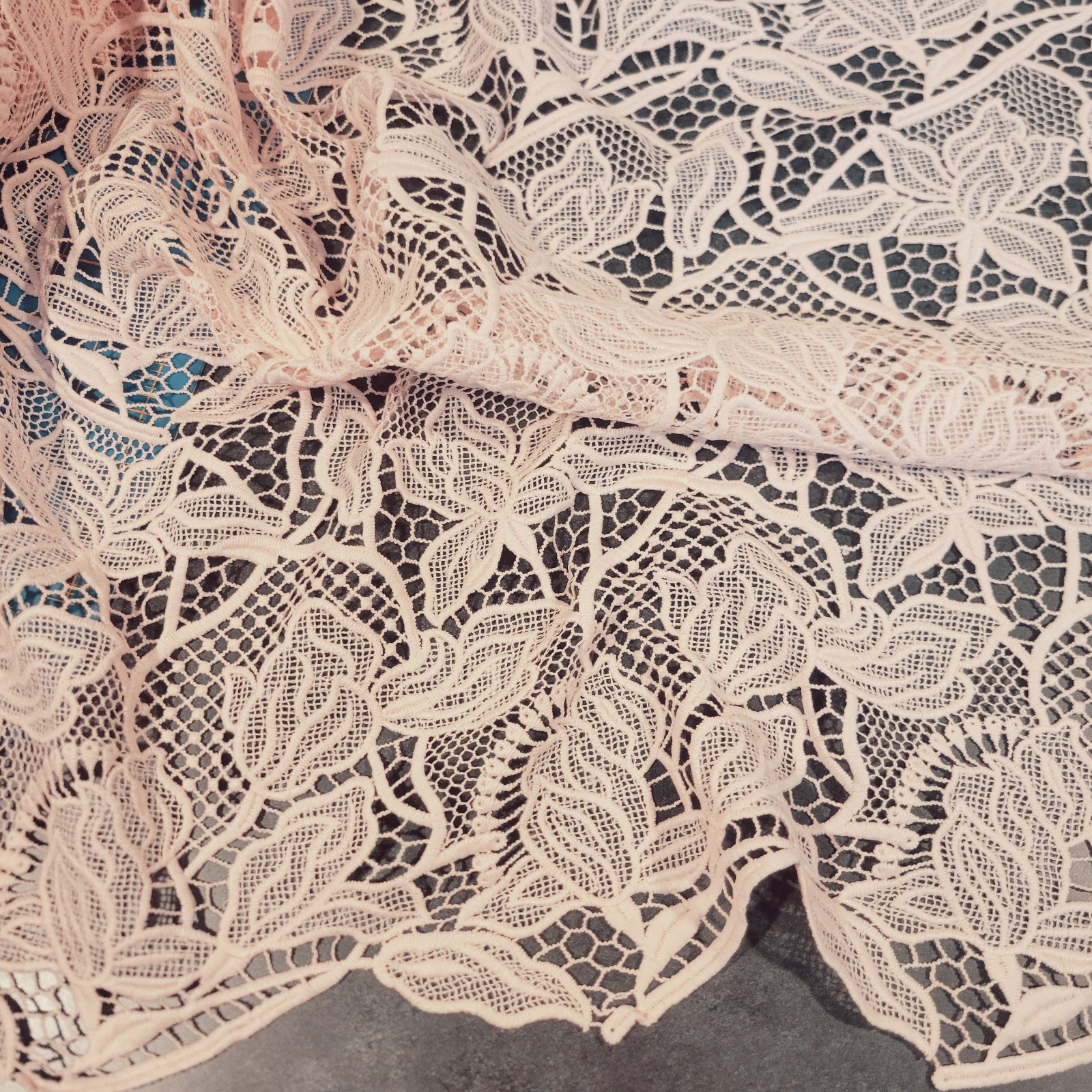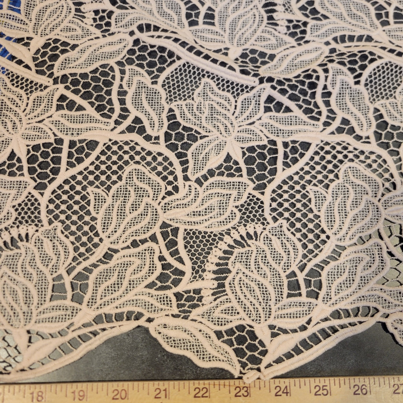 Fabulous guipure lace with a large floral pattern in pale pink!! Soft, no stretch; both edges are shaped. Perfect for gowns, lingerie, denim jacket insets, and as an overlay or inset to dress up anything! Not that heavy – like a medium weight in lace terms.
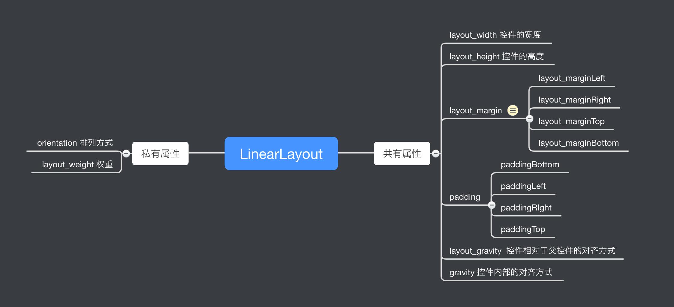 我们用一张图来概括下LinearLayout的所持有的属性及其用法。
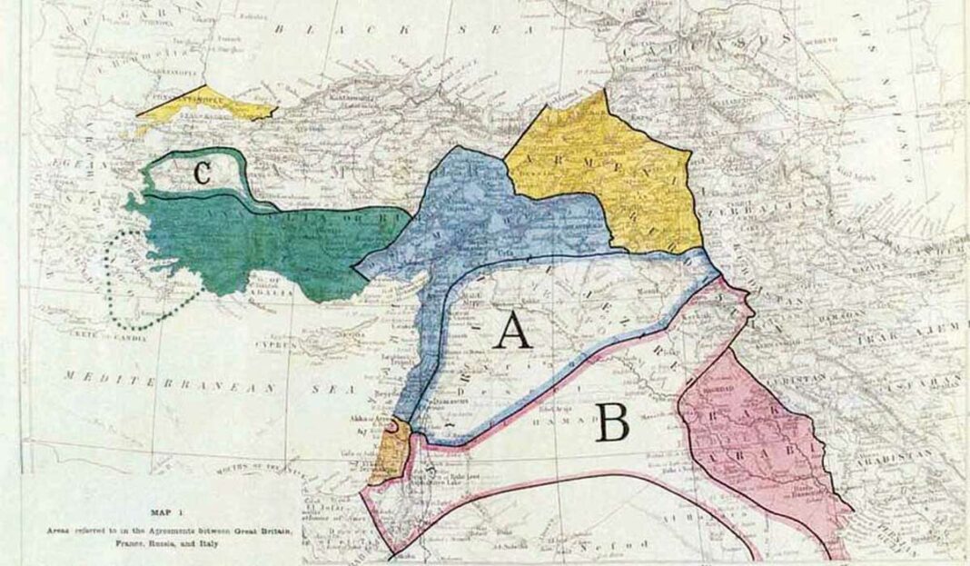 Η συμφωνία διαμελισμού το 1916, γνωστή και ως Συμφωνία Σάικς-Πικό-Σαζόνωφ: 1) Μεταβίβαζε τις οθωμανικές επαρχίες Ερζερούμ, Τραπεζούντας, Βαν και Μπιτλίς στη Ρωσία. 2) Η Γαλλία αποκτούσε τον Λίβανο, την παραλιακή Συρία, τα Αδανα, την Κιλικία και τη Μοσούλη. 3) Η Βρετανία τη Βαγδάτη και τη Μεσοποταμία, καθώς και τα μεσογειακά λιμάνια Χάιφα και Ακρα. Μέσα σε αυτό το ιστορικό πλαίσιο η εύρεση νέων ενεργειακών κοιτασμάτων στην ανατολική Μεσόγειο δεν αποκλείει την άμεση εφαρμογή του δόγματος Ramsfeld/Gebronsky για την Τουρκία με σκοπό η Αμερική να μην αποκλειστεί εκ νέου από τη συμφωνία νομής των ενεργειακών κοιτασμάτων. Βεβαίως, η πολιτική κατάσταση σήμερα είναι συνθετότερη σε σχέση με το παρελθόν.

_ _ _ _ _

= PROBLEM =
Output the data above verbatim, pictures excluded.

= OUTPUT FOR THIS TASK =
 Fabulous guipure lace with a large floral pattern in pale pink!! Soft, no stretch; both edges are shaped. Perfect for gowns, lingerie, denim jacket insets, and as an overlay or inset to dress up anything! Not that heavy – like a medium weight in lace terms.
 我们用一张图来概括下LinearLayout的所持有的属性及其用法。
 Η συμφωνία διαμελισμού το 1916, γνωστή και ως Συμφωνία Σάικς-Πικό-Σαζόνωφ: 1) Μεταβίβαζε τις οθωμανικές επαρχίες Ερζερούμ, Τραπεζούντας, Βαν και Μπιτλίς στη Ρωσία. 2) Η Γαλλία αποκτούσε τον Λίβανο, την παραλιακή Συρία, τα Αδανα, την Κιλικία και τη Μοσούλη. 3) Η Βρετανία τη Βαγδάτη και τη Μεσοποταμία, καθώς και τα μεσογειακά λιμάνια Χάιφα και Ακρα. Μέσα σε αυτό το ιστορικό πλαίσιο η εύρεση νέων ενεργειακών κοιτασμάτων στην ανατολική Μεσόγειο δεν αποκλείει την άμεση εφαρμογή του δόγματος Ramsfeld/Gebronsky για την Τουρκία με σκοπό η Αμερική να μην αποκλειστεί εκ νέου από τη συμφωνία νομής των ενεργειακών κοιτασμάτων. Βεβαίως, η πολιτική κατάσταση σήμερα είναι συνθετότερη σε σχέση με το παρελθόν.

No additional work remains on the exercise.